- Data records -

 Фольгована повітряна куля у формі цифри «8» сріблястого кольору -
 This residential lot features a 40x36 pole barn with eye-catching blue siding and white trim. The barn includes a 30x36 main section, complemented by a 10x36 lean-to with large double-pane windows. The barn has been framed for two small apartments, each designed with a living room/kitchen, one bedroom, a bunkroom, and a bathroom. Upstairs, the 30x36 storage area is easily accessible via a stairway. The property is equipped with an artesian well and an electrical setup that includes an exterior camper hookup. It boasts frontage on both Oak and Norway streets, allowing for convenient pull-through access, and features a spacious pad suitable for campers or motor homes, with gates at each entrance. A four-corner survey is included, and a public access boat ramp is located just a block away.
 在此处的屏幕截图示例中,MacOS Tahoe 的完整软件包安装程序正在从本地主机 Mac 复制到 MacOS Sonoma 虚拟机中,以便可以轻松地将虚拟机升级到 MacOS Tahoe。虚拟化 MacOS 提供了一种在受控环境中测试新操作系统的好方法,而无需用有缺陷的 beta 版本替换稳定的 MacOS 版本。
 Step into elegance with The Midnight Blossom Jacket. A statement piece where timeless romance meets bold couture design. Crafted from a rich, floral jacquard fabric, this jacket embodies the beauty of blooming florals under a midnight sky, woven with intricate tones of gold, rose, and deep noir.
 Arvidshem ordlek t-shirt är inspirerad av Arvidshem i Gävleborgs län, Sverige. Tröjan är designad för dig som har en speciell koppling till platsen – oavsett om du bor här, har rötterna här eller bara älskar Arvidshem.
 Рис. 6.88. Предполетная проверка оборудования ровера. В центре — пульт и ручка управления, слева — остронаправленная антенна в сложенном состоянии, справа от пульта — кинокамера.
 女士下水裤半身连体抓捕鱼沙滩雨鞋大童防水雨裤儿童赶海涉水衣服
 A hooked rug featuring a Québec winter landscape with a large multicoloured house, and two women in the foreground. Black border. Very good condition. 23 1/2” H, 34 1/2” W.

- Activity -
Every line that holds the word "large" should be copied from the records above.

- Expected output -
 This residential lot features a 40x36 pole barn with eye-catching blue siding and white trim. The barn includes a 30x36 main section, complemented by a 10x36 lean-to with large double-pane windows. The barn has been framed for two small apartments, each designed with a living room/kitchen, one bedroom, a bunkroom, and a bathroom. Upstairs, the 30x36 storage area is easily accessible via a stairway. The property is equipped with an artesian well and an electrical setup that includes an exterior camper hookup. It boasts frontage on both Oak and Norway streets, allowing for convenient pull-through access, and features a spacious pad suitable for campers or motor homes, with gates at each entrance. A four-corner survey is included, and a public access boat ramp is located just a block away.
 A hooked rug featuring a Québec winter landscape with a large multicoloured house, and two women in the foreground. Black border. Very good condition. 23 1/2” H, 34 1/2” W.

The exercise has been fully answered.